Learn how to run models and apply basic optimizations using the LiteRT-LM CLI.
Quick Start
Run the Gemma4 E2B model:
Linux/MacOS
litert-lm run \
--from-huggingface-repo=litert-community/gemma-4-E2B-it-litert-lm \
gemma-4-E2B-it.litertlm \
--prompt="What is the capital of France?"
Windows
litert-lm run `
--from-huggingface-repo=litert-community/gemma-4-E2B-it-litert-lm `
gemma-4-E2B-it.litertlm `
--prompt="What is the capital of France?"
Run a local model
Linux/MacOS
litert-lm run path/to/model.litertlm
Windows
litert-lm run path\to\model.litertlm
GPU Acceleration
To accelerate inference using your device's GPU, use the --backend=gpu flag:
Linux/MacOS
litert-lm run \
--from-huggingface-repo=litert-community/gemma-4-E2B-it-litert-lm \
gemma-4-E2B-it.litertlm \
--backend=gpu \
--prompt="What is the capital of France?"
Windows
litert-lm run `
--from-huggingface-repo=litert-community/gemma-4-E2B-it-litert-lm `
gemma-4-E2B-it.litertlm `
--backend=gpu `
--prompt="What is the capital of France?"
Multi-Token Prediction (MTP)
Multi-Token Prediction (MTP) is a performance optimization that significantly accelerates decode speeds.
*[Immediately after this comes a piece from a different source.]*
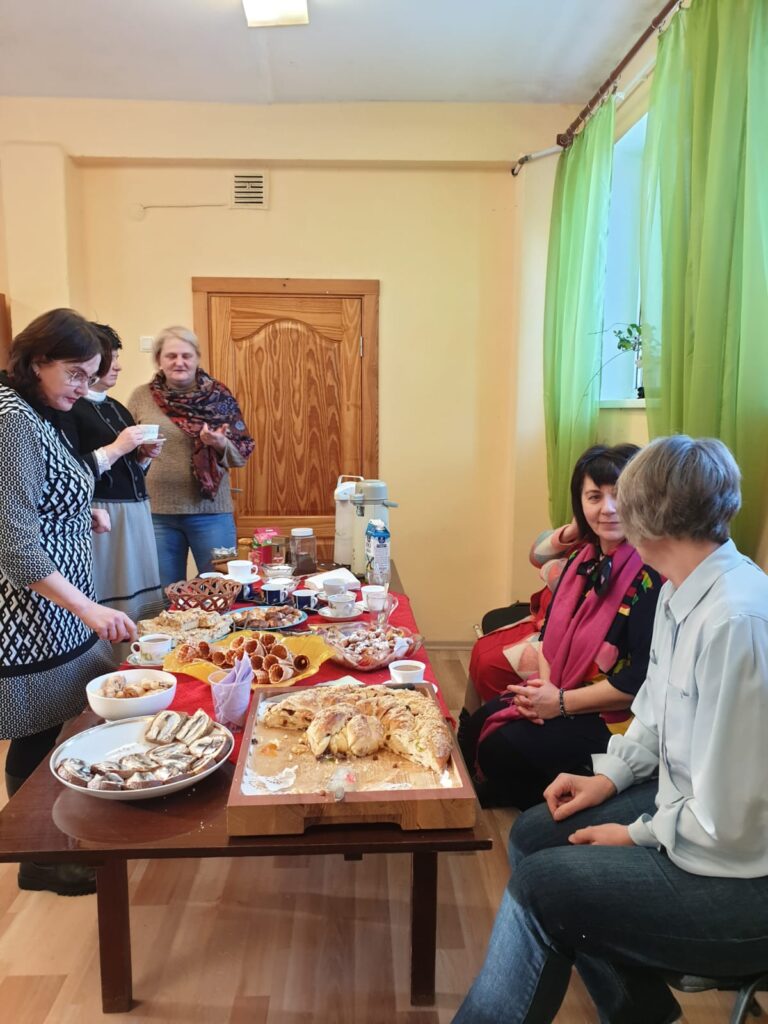 Izstādes rīkotājas bija sarūpējušas arī cienastu – dažādus pašu gatavotus našķus, tēju, kafiju, un aicināja izstādes apmeklētājus uzkavēties ilgāk, parunāties. “Atmosfēra bija mājīga, diena aizritēja sarunās un smieklos, bija apmeklētāji, kas atnāca pulksten 11.00, bet prom devās īsi pirms trijiem pēcpusdienā, tātad jutās labi,” saka M. Svārupe.
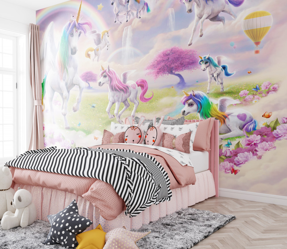 Papier peint licornes magiques dans la clairière (article a89875 ) de la catégorie Papier peint Pour les filles

MTP is universally recommended for all tasks on GPU backends.
To enable MTP in the CLI, use the --enable-speculative-decoding=true flag:
Linux/MacOS
litert-lm run \
--from-huggingface-repo=litert-community/gemma-4-E2B-it-litert-lm \
gemma-4-E2B-it.litertlm \
--backend=gpu \
--enable-speculative-decoding=true \
--prompt="What is the capital of France?"
Windows
litert-lm run `
--from-huggingface-repo=litert-community/gemma-4-E2B-it-litert-lm `
gemma-4-E2B-it.litertlm `
--backend=gpu `
--enable-speculative-decoding=true `
--prompt="What is the capital of France?"
Multi-Modality
The LiteRT-LM CLI supports running multimodal models with image and audio attachments.
Prerequisites
To use attachments, you must specify the appropriate backend for processing them:
- For images: Use the
--vision-backendoption. - For audio: Use the
--audio-backendoption.
Supported backends typically include cpu and gpu.
Image Attachments
To run a model with an image attachment:
litert-lm run <model-ref> --vision-backend=gpu --attachment=image.jpg --prompt="Describe this image."
Audio Attachments
To run a model with an audio attachment:
litert-lm run <model-ref> --audio-backend=gpu --attachment=audio.wav --prompt="Transcribe this audio."
Multiple Attachments
You can attach multiple files by repeating the --attachment option:
litert-lm run <model-ref> --audio-backend=cpu --vision-backend=gpu --attachment=audio.wav --attachment=image.jpg ...
Function Calling
Augment your local LLMs with Python capabilities by running tools through presets.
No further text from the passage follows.